◆ Task to complete: Print the lines below from the line with "தங்கபாலு, இளங்கோவன் படங்களுக்கு" to the line with "법은 귀한 자에게 아부하지" exactly, keeping both ends, and print no pictures.

◆ Records to process:
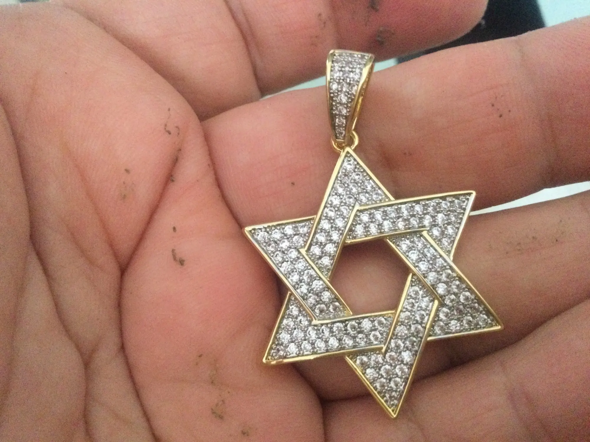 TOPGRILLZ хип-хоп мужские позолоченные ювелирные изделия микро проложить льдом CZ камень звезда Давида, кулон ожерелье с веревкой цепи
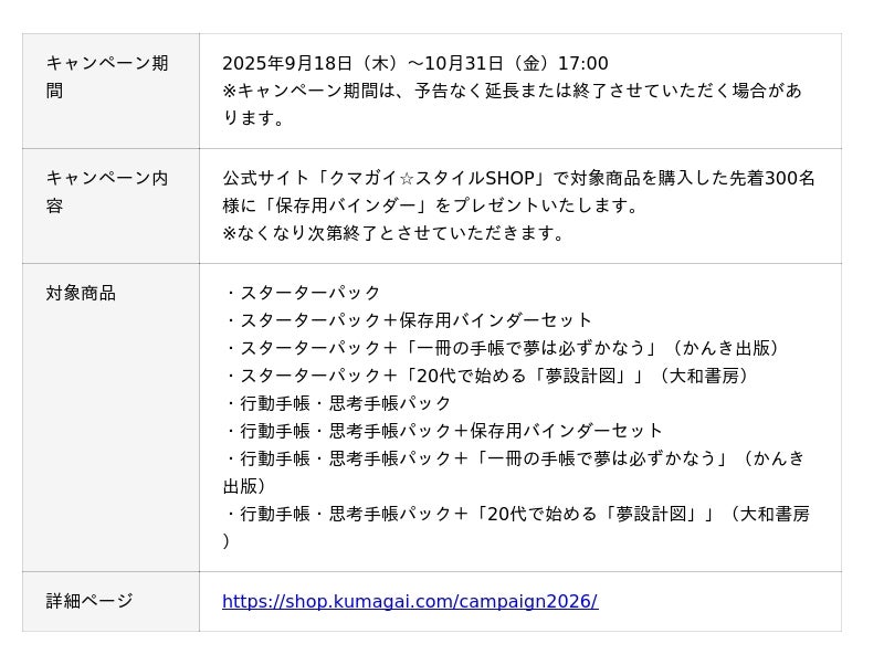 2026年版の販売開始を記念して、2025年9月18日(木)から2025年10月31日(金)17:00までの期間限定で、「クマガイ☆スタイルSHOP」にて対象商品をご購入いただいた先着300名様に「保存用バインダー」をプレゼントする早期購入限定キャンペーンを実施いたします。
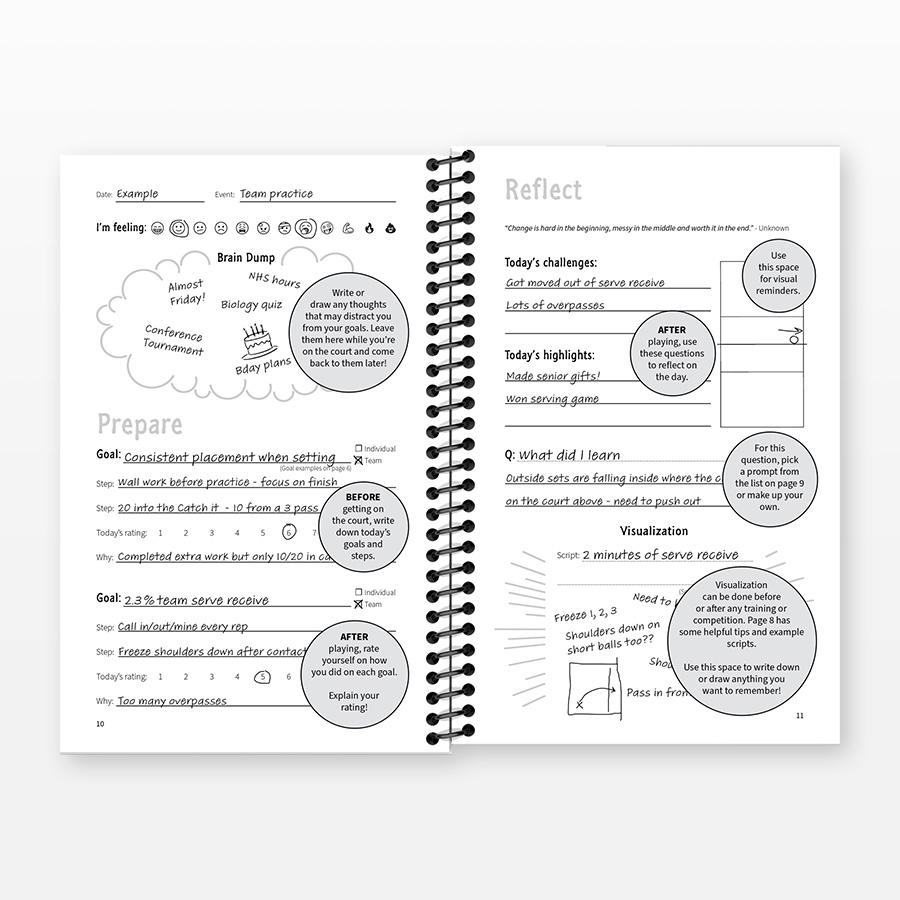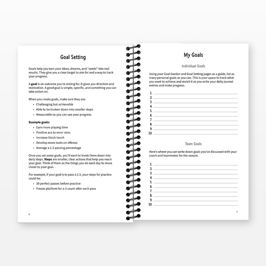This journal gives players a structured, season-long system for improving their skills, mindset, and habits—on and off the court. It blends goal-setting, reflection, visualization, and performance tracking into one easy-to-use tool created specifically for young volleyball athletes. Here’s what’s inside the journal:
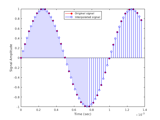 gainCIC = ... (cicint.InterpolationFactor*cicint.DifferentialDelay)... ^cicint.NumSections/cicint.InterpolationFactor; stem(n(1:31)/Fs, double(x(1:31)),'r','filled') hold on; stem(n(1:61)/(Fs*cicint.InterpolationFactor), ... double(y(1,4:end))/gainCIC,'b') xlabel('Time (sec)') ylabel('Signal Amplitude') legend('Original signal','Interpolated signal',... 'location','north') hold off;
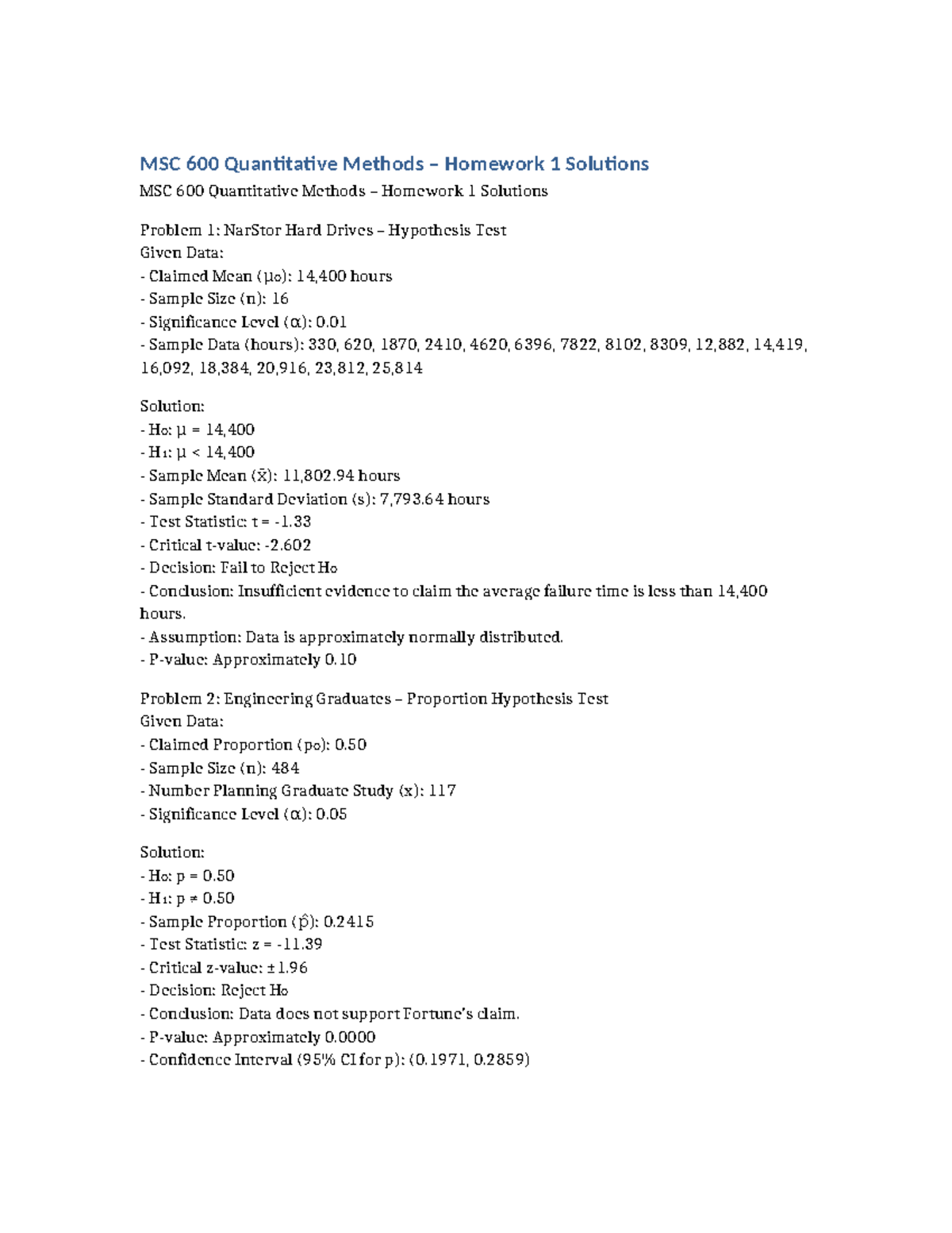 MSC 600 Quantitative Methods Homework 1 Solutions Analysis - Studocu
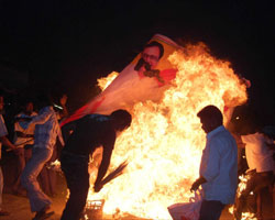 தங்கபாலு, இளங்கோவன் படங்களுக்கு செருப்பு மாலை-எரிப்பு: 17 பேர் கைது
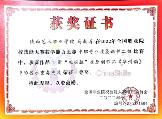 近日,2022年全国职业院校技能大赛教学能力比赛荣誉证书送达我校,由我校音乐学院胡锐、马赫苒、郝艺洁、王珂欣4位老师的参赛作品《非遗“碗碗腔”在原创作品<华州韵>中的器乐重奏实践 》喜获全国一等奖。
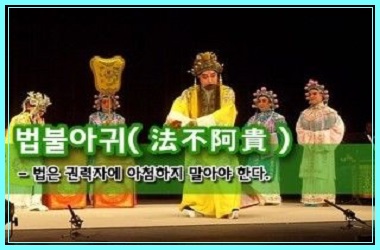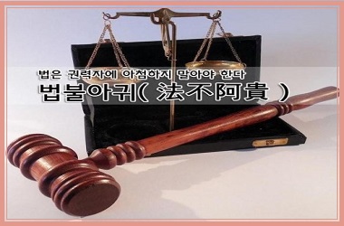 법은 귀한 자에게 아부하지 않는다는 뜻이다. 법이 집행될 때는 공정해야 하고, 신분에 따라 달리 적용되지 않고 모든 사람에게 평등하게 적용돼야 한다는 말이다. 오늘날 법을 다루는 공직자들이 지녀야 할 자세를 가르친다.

==

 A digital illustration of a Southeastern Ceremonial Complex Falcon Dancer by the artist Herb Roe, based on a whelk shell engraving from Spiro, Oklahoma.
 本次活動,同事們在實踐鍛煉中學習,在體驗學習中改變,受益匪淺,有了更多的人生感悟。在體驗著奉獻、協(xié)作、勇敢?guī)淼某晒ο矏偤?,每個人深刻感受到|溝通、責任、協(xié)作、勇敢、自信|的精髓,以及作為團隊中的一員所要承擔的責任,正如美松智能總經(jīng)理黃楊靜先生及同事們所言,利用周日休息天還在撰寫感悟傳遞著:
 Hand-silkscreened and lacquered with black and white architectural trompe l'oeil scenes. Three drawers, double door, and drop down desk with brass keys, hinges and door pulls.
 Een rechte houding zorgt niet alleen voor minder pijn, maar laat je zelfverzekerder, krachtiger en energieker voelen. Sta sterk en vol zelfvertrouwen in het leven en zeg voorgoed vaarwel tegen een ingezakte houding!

◆ Exercise response:
 தங்கபாலு, இளங்கோவன் படங்களுக்கு செருப்பு மாலை-எரிப்பு: 17 பேர் கைது
 近日,2022年全国职业院校技能大赛教学能力比赛荣誉证书送达我校,由我校音乐学院胡锐、马赫苒、郝艺洁、王珂欣4位老师的参赛作品《非遗“碗碗腔”在原创作品<华州韵>中的器乐重奏实践 》喜获全国一等奖。
 법은 귀한 자에게 아부하지 않는다는 뜻이다. 법이 집행될 때는 공정해야 하고, 신분에 따라 달리 적용되지 않고 모든 사람에게 평등하게 적용돼야 한다는 말이다. 오늘날 법을 다루는 공직자들이 지녀야 할 자세를 가르친다.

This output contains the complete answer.